Indications, juin 1992, par Hubert Thomas
Peut-être pourrait-on titrer ce livre : Les contraintes de l’écriture ? Mais, bien sûr, ce n’est pas là un bon titre pour un roman. Pourquoi écrit-on ? Plus précisément, pourquoi s’impose-t-on les contraintes de l’écriture ?
Des contraintes, le narrateur qui achève d’écrire un roman, s’en est donné. Et l’ouvrage d’Hugo Marsan se livre en quelque sorte à une exploration de ces contraintes, sous la forme d’une narration. Enfermé dans une chambre sans lumière, fixé à son écran d’ordinateur, l’écrivain connaît les affres du dernier chapitre. Car, c’est toujours la même question : comment faire une bonne fin ? Il a accepté le départ provisoire de Jane, sa compagne. « Ne fallait-il pas se séparer des êtres aimés pour finir le roman ? » Homme en prison, homme sans femme. Homme des douleurs, pourrait-on dire, il connaît jusque dans son corps la passion douloureuse du verbe fait chair. Car le corps de l’écrivain parle, avec ses malaises, de son déchirement. Ce n’est pas pour rien que l’on passe sans cesse du corps souffrant au corps de Jane et à la rédemption qu’il promet, notamment par l’enfant à venir.
Se déplaçant de son traitement de texte au balcon de sa chambre, l’écrivain inscrit un va-et-vient permanent à son écriture.
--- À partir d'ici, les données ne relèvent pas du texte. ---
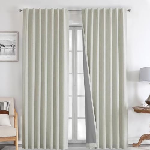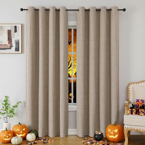 Joydeco 100 % mörkläggningsgardiner för interiörer 2 stycken, linne termiska gardiner med öljetter för modernt vardagsrum, barnrum, sovrum Blackout Curtains (2 x B 245 x H 140, ljusbeige)

Est-on dans son roman en train de s’écrire ? Est-on dans ses souvenirs ? Est-on dans le réel de sa relation aux autres ? C’est indécidable. Sans doute l’écrivain est-il pris dans ces directions diverses qui toutes pourtant le constituent. Le balcon ne serait-il pas ici comme un lieu symbolique qui jouerait comme l’unité d’espace, mais à titre résiduel, du théâtre classique ? Car le balcon revient à plusieurs reprises. Ce n’est pas seulement le balcon d’Angelo où s’est inaugurée la relation à sa nouvelle compagne, Jane. C’est le balcon de la maison de repos où gît la mère devenue la proie de l’ombre amnésique. C’est le balcon où il s’évade quelque temps de son texte. Mais venir au balcon et s’y pencher, n’est-ce pas convoquer encore autre chose ? Oui, l’image d’un jeune soldat pendant la guerre d’Algérie qui, par trop de peur, s’est lancé dans le vide du haut d’un mirador. Tout cela revient. Puits d’eaux mortes, puits d’eaux vives où s’irrigue l’épreuve de l’écriture.
Pourquoi s’impose-t-on les contraintes de l’écriture ? La force du roman de Hugo Marsan vient de ce que cette question de fond n’est pas esquivée, mais regardée en face. Non seulement regardée, mais habitée de l’intérieur, reprise. Même si l’on sait que la vérité de sa réponse taraude le corps, fait lever les souvenirs du malheur et renvoie aux commencements.
« Pourquoi ne pas dire simplement que je m’impose les contraintes de l’écriture parce qu’on ne m’a pas enseigné le bonheur ? ». Mais justement rien n’est moins simple à dire. Est-il si simple de reconnaître : « Aussi loin qu’il remonte dans sa mémoire le soleil est caché par le corps d’une femme dont il ne supporte pas la souffrance. Il était la cause de son malheur » ? On voudrait être comme les autres, avoir été un enfant comme les autres. Mais « elle (sa mère) lui avait appris la peur ». Cela est dit et il en coûte toujours de le dire.
L’imaginaire, c’est le domaine de l’écrivain. On aurait tort d’y voir toujours un pays de merveilles. « Sait-il déjà qu’il a choisi cette part de vie qui renie la vie : l’imaginaire. » Hugo Marsan nous rappelle que la vérité d’une écriture peut être aussi une vérité souffrante. Il le fait sans apitoiement, sans amertume. Avec une belle sobriété.